The Independent columnist Johann Hari has an interesting piece in the Huffington Post about the misconceptions of the new swathe of 'pirates' in Somalia we've been hearing about over the past few months.
In what could be viewed as a bit of a parallel to the fear-mongering borne out of the "war on terror", Hari points out that western ships have been exploiting Somalia of one of its greatest exports; seafood.
"We have destroyed our own fish-stocks by over-exploitation - and now we have moved on to theirs. More than $300m worth of tuna, shrimp, lobster and other sea-life is being stolen every year by vast trawlers illegally sailing into Somalia's unprotected seas. The local fishermen have suddenly lost their livelihoods, and they are starving."
Sounds all too familiar and reminiscent of the plundering of another continent.
"Did we expect starving Somalians to stand passively on their beaches, paddling in our nuclear waste, and watch us snatch their fish to eat in restaurants in London and Paris and Rome? We didn't act on those crimes - but when some of the fishermen responded by disrupting the transit-corridor for 20 percent of the world's oil supply, we begin to shriek about "evil." If we really want to deal with piracy, we need to stop its root cause - our crimes - before we send in the gun-boats to root out Somalia's criminals."

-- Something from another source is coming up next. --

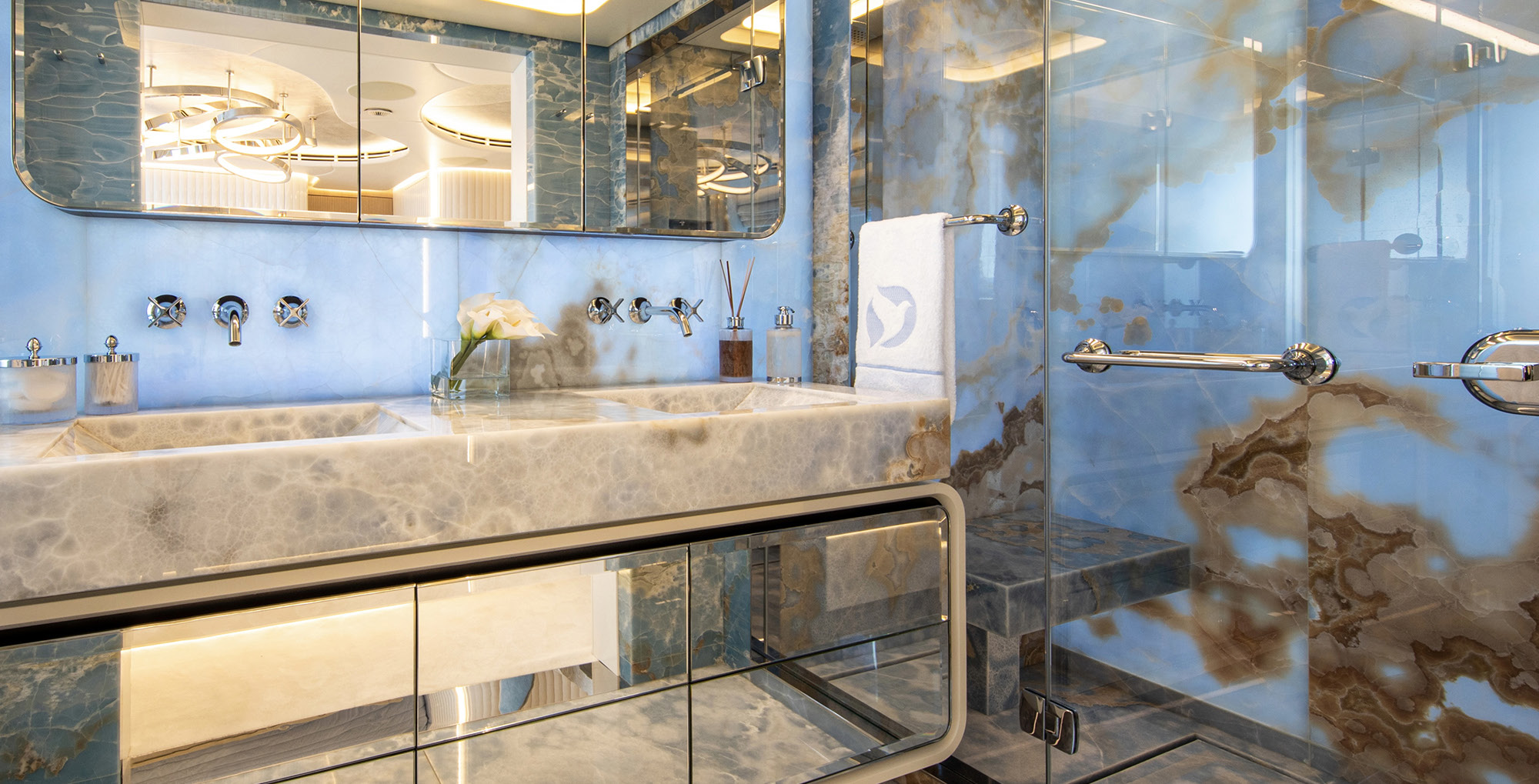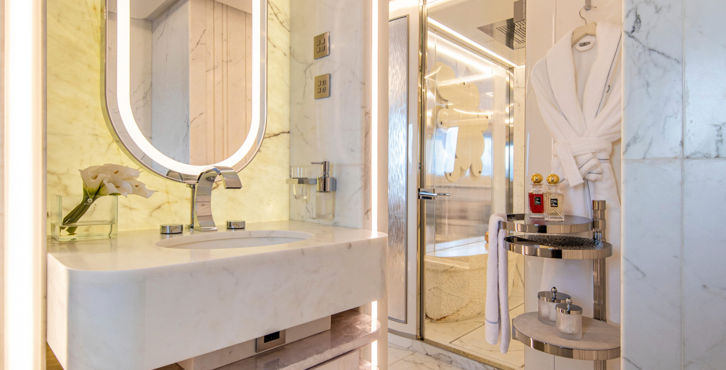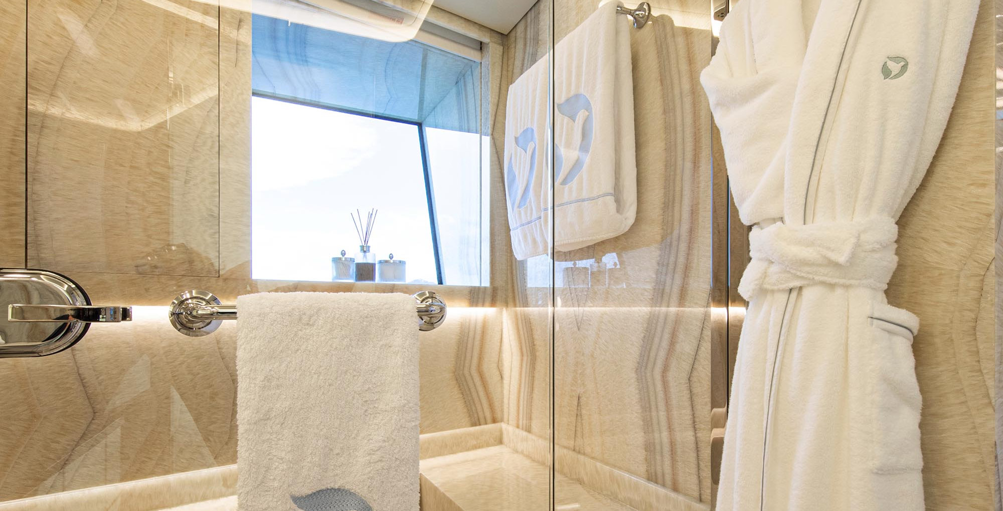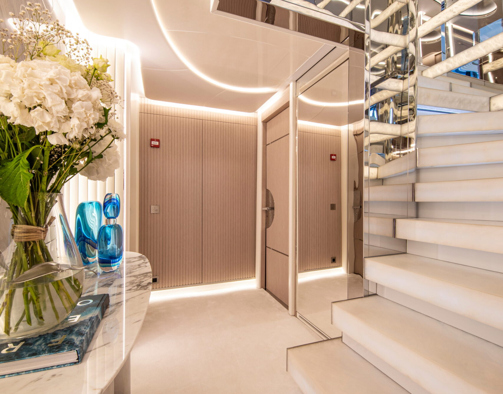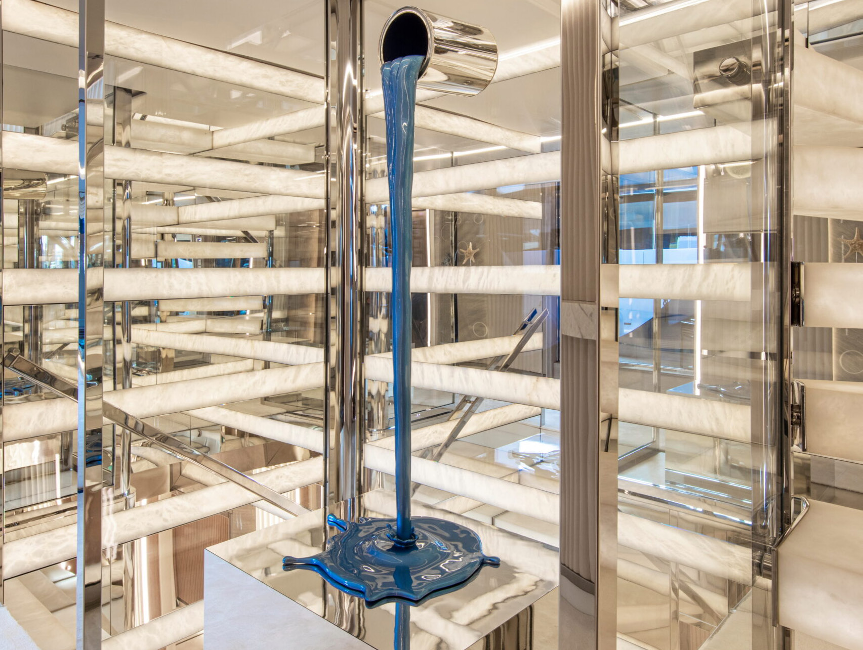 The exceptionally spacious beach club measures 90 m2, a size normally only found on 70 meter yachts, illuminated by the glass-bottom pool above casting a serene, underwater light. With nearly 270 degrees view from the two opening side door balconies and stern door providing a sense of calmness throughout the area.

Hari's words, inentionally or not, read to me like a series of parrallels with the disaster of Operation Iraqi Freedom. The Bush administration projects false fears regarding the perceived threat of Saddam and his regime which provides the caveat to further exploit their resources. Then we expected Iraqis to "stand passively on their beaches (well, deserts)" while we swarmed in under false pretenses, surprised when we weren't greeted as liberators following ten years of severe UN sanctions crippled its people, to punish the ever-changing faces of their criminals.